Sharpe ratio or SR = (Mean portfolio return − Risk-free rate) / (Standard deviation of portfolio return)

Annualized Sharpe Ratio or ASR = K-value * SR

where in our daily case of initial data K-value = sqrt(252) where 252 is equal to the number of trading or working days.

In case of weekly initial data K-value = sqrt(52), for monthly data K-value = sqrt(12).

IMPORTANT: Risk-free rate is rate you can get for your money without investments, e g on a usual bank savings account.
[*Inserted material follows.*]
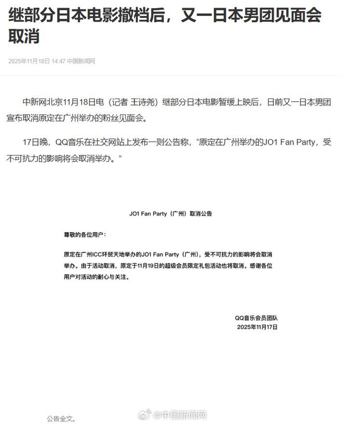 继部分日本电影暂缓上映后,日前又一日本男团宣布取消原定在广州举办的粉丝见面会。17日晚,QQ音乐在社交网站上发布一则公告称,“原定在广州举办的JO1 Fan Party,受不可抗力的影响将会取消举办。
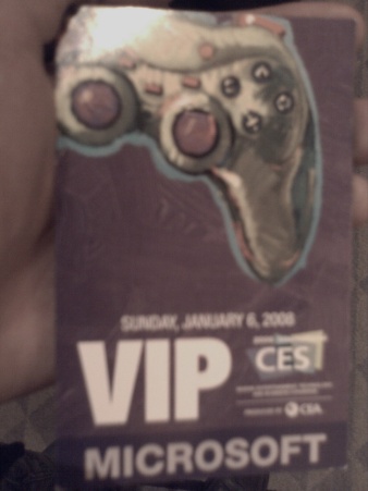 OK, I'm at CES and about to going to experiment liveblogging the keynote address. It hasn't begun yet, everyone is still waiting in line to get seats. A few fortunate people hold VIP passes that put them in a much better spot in line. Hmmm… notice anything unusual about the pass? The controller may be Xbox green, but it's a PlayStation conroller! Look at the face buttons and the position of rhe analog sticks. Strange, huh? It's standard CES artwork so it isn't a conspiracy. I suposse when the artist thought this was the defacto standard for a controller.

In a example below we consider it equal to 0 to keep things simple,
as most of the banks provide rates about zero today.
You can easily adjust case below with non-zero Risk-free rate of your choice.

```
SR = portfolio_val['Daily Return'].mean()/portfolio_val['Daily Return'].std()
ASR = (252**0.5)*SR
print(f'For our portfolio SR = {SR} and ASR = {ASR} ')
```

OUT: For our portfolio SR = 0.05931645680040939 and ASR = 0.9416195600843358

## Conclusion.

Investment portfolio allocation with Python is a powerful approach that combines the principles of portfolio theory and the capabilities of Python programming. By utilizing it's extensive libraries and tools, investors can make informed decisions and optimize their investment portfolios.

Firstly, Python allows for efficient data analysis and manipulation, enabling investors to gather and analyze large amounts of financial data. This data-driven approach helps investors gain insights into asset performance, risk metrics, and correlations.

Secondly, Python provides various portfolio optimization techniques, such as mean-variance optimization, which helps investors find the optimal allocation of assets to maximize returns while minimizing risk.

Furthermore, Python's integration with financial APIs allows for real-time data updates, ensuring that investment decisions are based on the most current information.

It's visualization libraries, such as Matplotlib and Seaborn, enable investors to create insightful charts and graphs to visually analyze portfolio performance and asset allocation.

In addition, Python's flexibility and versatility make it suitable for implementing complex investment strategies, including factor investing, risk parity, and tactical asset allocation.

Overall, investment portfolio allocation with Python empowers investors to make data-driven, informed decisions, optimize their portfolios, and potentially enhance their investment returns while managing risk effectively.